Source data:
[Start of section]
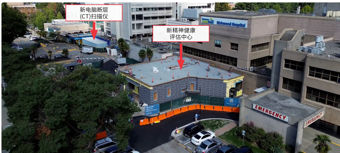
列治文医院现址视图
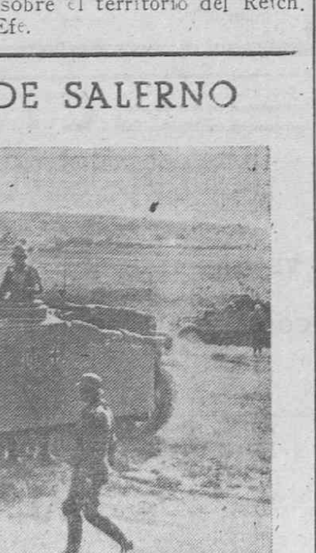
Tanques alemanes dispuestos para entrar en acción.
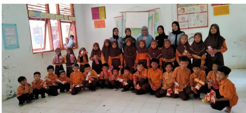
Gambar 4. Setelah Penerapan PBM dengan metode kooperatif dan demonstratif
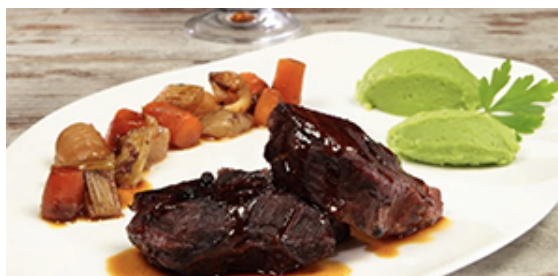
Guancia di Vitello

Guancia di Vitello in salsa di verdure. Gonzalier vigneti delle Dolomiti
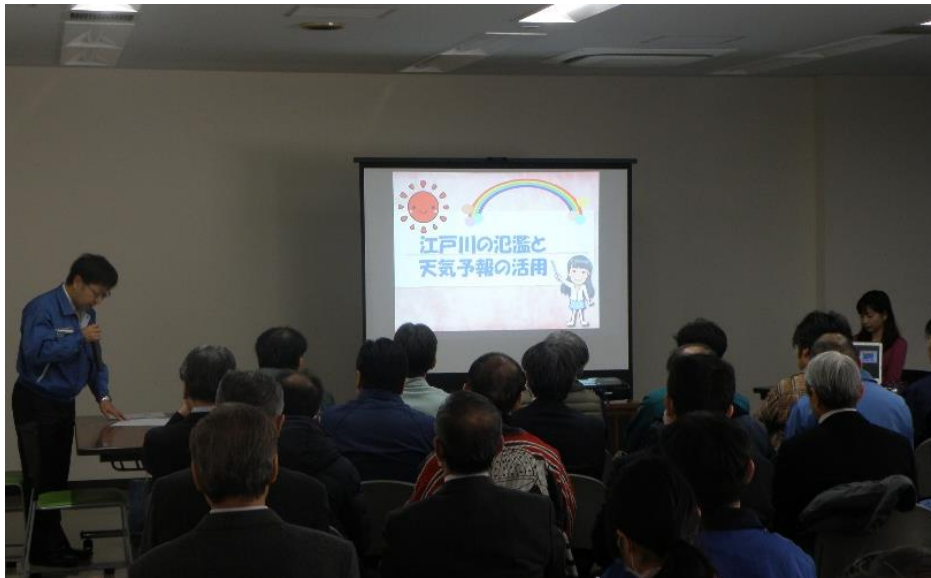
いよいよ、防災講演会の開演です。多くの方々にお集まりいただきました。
[End of section]
Each record must be set down again without alteration, and no picture may be carried over.

列治文医院现址视图
Tanques alemanes dispuestos para entrar en acción.
Gambar 4. Setelah Penerapan PBM dengan metode kooperatif dan demonstratif
Guancia di Vitello

Guancia di Vitello in salsa di verdure. Gonzalier vigneti delle Dolomiti
いよいよ、防災講演会の開演です。多くの方々にお集まりいただきました。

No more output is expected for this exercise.